(Available records begins)

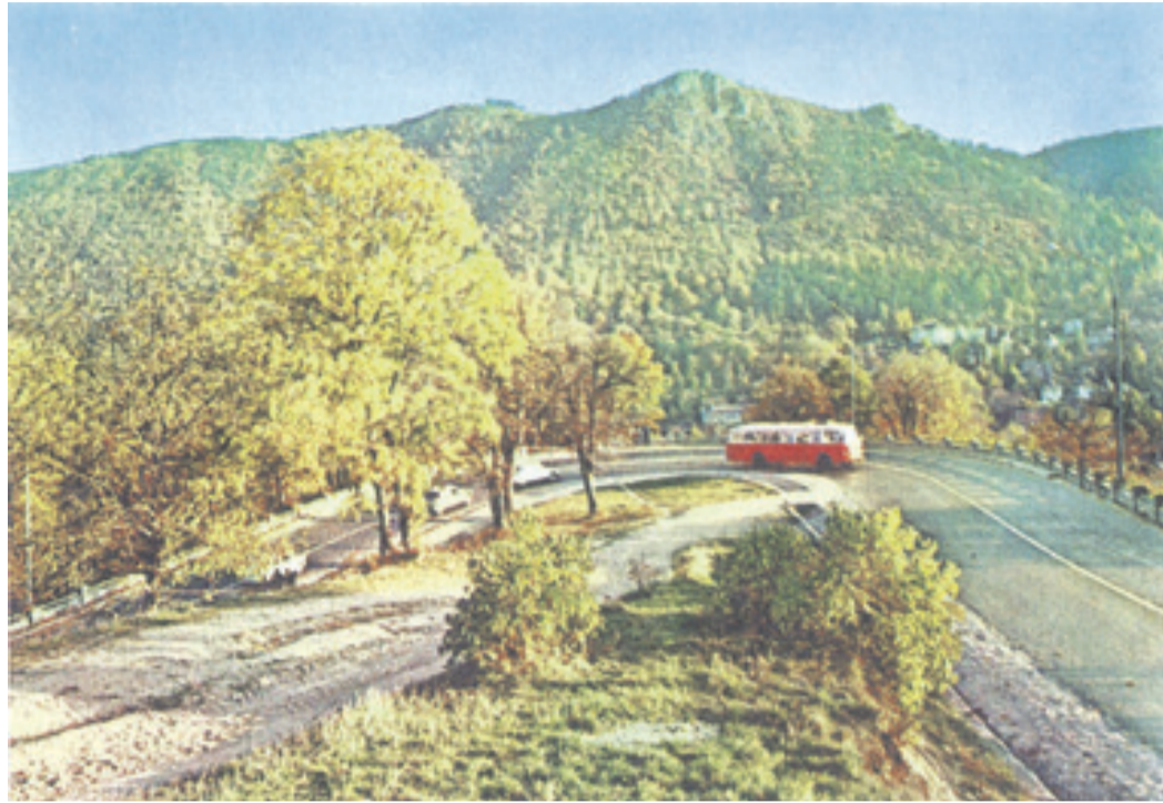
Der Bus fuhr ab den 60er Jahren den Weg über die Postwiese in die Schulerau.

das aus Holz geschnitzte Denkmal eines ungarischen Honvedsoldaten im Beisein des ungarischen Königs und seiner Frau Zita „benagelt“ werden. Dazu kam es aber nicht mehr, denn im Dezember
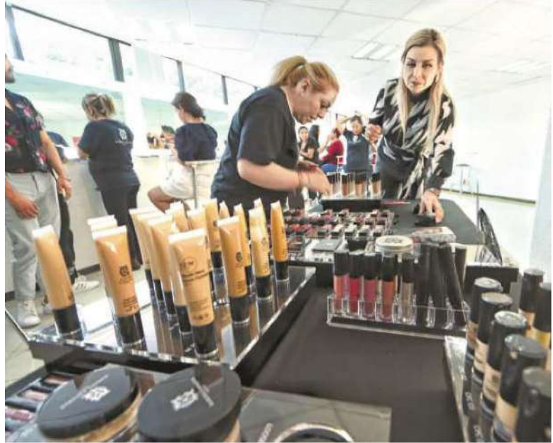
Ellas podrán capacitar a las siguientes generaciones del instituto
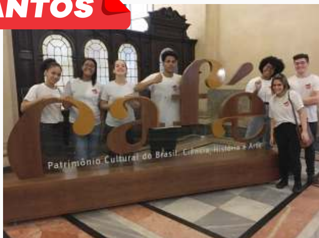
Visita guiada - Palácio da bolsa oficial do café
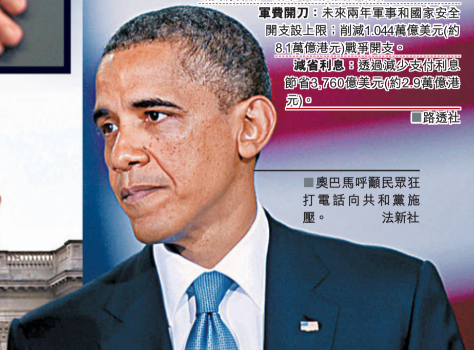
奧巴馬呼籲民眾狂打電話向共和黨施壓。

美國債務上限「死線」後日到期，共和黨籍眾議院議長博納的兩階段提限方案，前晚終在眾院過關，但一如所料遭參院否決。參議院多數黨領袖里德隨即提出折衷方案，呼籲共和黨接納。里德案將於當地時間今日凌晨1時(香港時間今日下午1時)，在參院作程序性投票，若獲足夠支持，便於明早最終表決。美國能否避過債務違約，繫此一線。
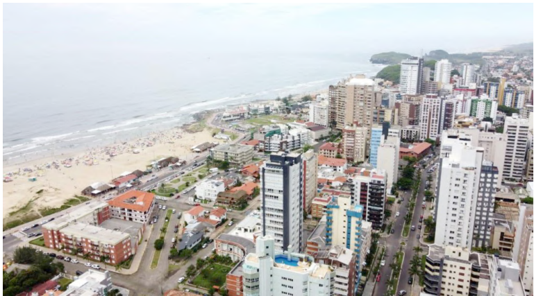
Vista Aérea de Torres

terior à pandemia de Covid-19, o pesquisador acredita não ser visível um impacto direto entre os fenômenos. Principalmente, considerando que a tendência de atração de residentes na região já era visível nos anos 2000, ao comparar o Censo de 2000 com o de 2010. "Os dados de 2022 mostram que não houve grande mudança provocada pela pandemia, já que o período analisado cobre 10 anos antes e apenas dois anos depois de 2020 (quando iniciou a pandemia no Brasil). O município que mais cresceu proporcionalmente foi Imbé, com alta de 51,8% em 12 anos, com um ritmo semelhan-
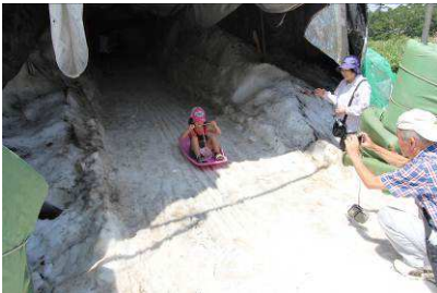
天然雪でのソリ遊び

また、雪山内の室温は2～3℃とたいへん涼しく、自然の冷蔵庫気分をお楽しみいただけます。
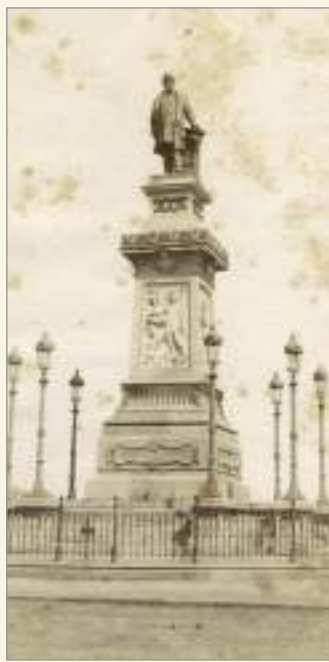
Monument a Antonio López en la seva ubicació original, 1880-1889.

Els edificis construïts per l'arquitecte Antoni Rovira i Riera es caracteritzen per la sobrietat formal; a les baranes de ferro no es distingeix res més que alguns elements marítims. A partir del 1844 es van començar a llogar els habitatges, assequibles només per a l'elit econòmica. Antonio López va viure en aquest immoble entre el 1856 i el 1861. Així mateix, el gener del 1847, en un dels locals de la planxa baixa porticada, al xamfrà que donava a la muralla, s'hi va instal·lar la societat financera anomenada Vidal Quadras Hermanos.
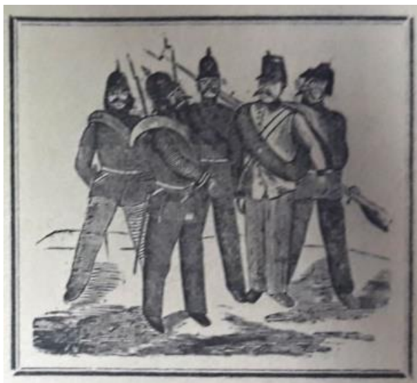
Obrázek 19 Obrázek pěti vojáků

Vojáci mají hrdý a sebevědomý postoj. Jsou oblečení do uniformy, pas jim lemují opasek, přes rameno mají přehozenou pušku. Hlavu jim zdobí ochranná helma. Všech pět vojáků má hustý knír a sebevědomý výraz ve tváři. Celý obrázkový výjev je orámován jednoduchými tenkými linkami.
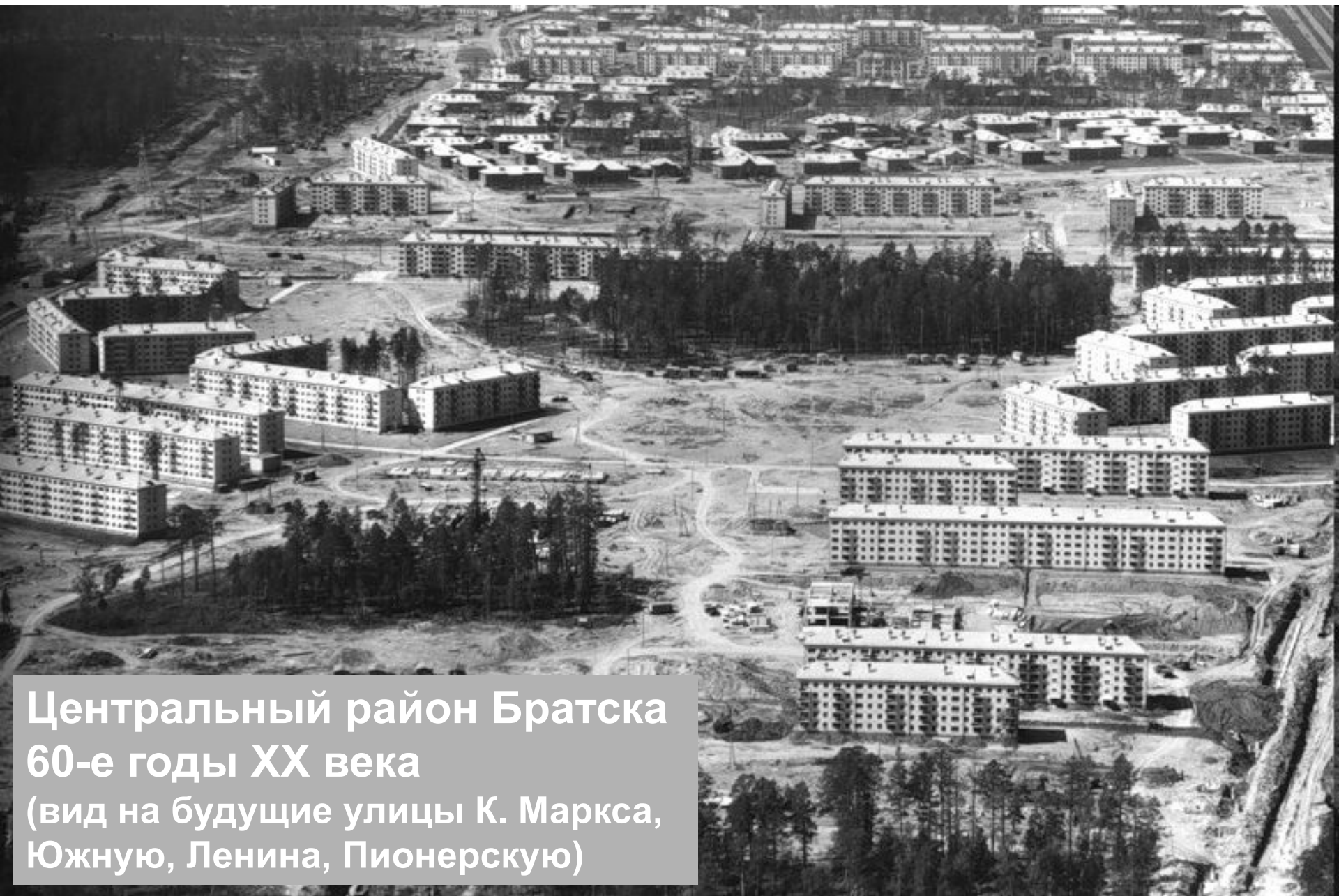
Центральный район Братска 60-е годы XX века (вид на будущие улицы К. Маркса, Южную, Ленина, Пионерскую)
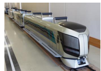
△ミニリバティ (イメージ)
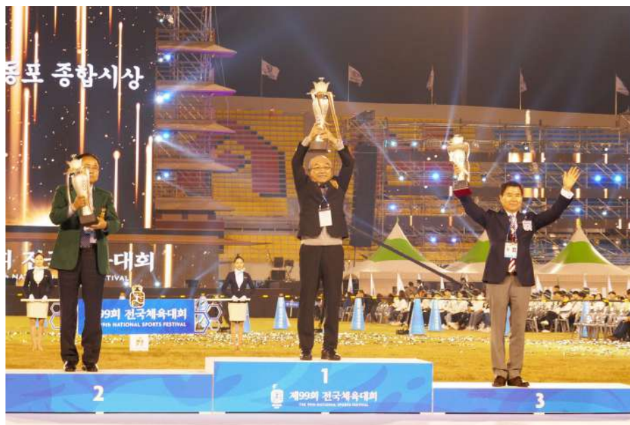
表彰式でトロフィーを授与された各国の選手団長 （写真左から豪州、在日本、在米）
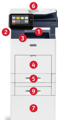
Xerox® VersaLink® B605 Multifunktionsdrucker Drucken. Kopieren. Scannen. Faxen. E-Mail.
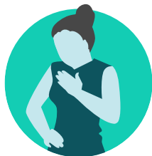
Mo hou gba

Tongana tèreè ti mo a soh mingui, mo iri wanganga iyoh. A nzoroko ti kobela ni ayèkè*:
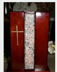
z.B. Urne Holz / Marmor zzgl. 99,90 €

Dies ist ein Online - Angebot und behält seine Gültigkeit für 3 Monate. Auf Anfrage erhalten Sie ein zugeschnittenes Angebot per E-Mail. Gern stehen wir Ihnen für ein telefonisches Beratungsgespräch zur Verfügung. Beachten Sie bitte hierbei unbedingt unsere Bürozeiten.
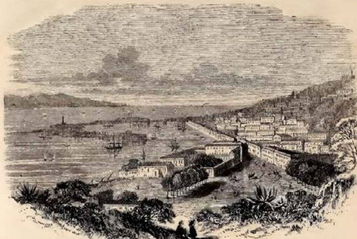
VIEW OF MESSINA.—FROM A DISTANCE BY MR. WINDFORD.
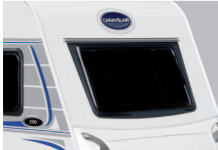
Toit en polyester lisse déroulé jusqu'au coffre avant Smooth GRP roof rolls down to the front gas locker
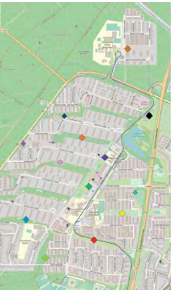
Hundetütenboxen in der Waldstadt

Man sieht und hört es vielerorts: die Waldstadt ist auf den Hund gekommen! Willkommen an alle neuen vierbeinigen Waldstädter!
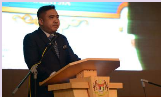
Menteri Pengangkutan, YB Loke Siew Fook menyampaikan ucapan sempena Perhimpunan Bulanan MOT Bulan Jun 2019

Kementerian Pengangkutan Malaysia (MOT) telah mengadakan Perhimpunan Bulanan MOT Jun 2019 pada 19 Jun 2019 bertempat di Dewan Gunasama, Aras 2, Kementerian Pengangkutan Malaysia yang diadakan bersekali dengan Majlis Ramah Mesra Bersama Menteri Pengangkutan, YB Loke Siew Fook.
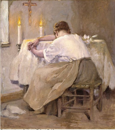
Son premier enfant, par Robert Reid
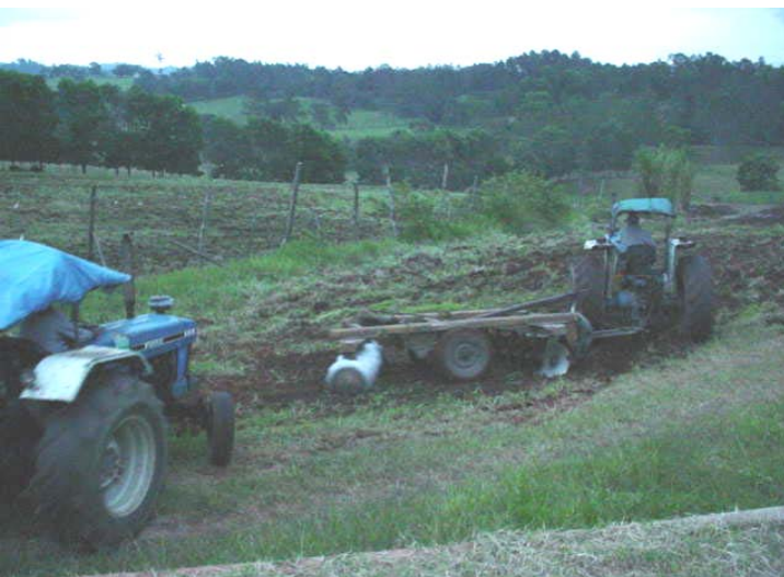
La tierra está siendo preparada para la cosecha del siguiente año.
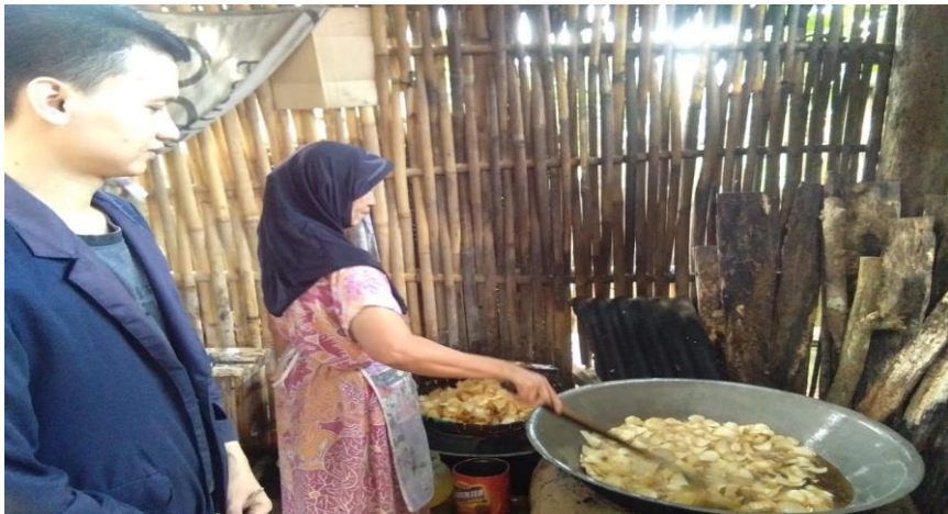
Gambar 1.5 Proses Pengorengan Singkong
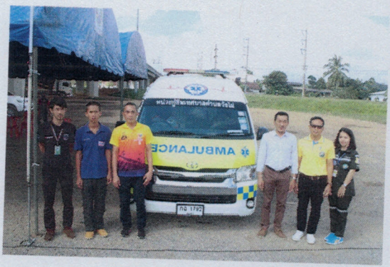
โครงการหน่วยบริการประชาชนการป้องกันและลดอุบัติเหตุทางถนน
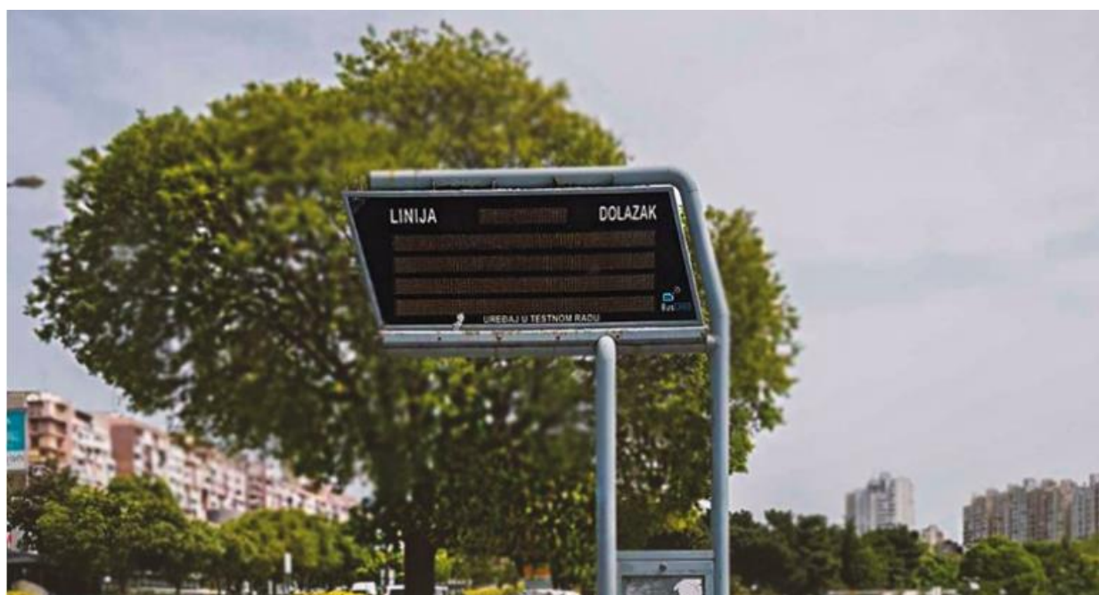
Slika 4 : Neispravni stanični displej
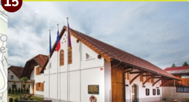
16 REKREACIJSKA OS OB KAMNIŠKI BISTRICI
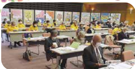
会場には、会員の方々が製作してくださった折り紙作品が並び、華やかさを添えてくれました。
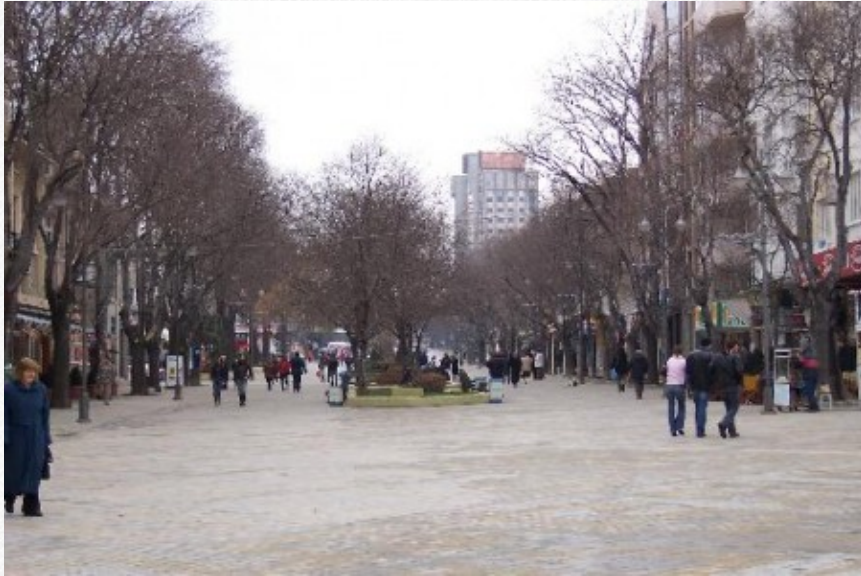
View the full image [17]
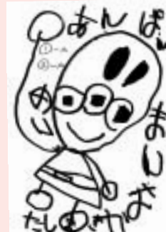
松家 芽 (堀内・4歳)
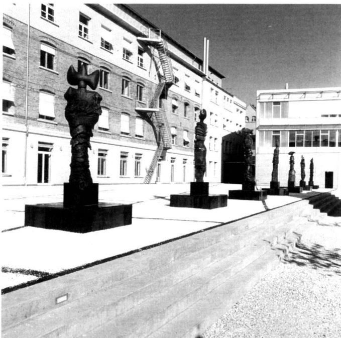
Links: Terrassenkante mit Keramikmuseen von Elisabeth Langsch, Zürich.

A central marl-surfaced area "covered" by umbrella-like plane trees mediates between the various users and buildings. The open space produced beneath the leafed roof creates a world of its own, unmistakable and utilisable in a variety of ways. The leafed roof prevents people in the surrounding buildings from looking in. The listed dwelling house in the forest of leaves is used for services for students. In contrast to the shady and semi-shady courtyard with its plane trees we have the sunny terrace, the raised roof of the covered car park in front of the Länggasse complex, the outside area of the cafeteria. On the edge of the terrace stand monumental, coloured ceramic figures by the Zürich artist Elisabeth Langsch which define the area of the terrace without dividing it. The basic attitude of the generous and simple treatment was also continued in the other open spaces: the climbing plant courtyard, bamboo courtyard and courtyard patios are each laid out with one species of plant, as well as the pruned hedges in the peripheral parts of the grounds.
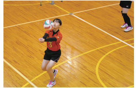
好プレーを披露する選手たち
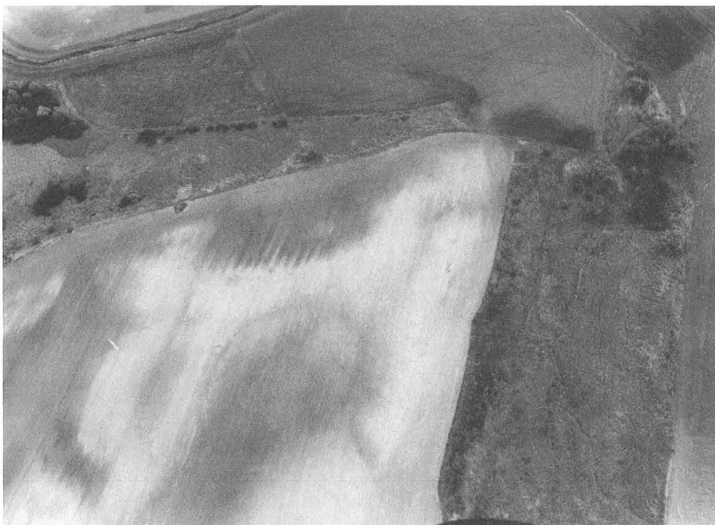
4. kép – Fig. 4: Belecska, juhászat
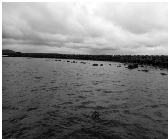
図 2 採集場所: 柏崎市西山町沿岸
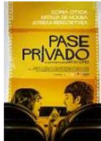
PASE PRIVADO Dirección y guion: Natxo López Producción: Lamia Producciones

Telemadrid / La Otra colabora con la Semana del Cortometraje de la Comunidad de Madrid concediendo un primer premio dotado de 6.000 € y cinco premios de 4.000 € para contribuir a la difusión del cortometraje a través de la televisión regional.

(Available records ends)

# [Work required]
In the data above, find each line where the string "Waldstadt" appears, then copy it.

# [Task answer]
Hundetütenboxen in der Waldstadt
Man sieht und hört es vielerorts: die Waldstadt ist auf den Hund gekommen! Willkommen an alle neuen vierbeinigen Waldstädter!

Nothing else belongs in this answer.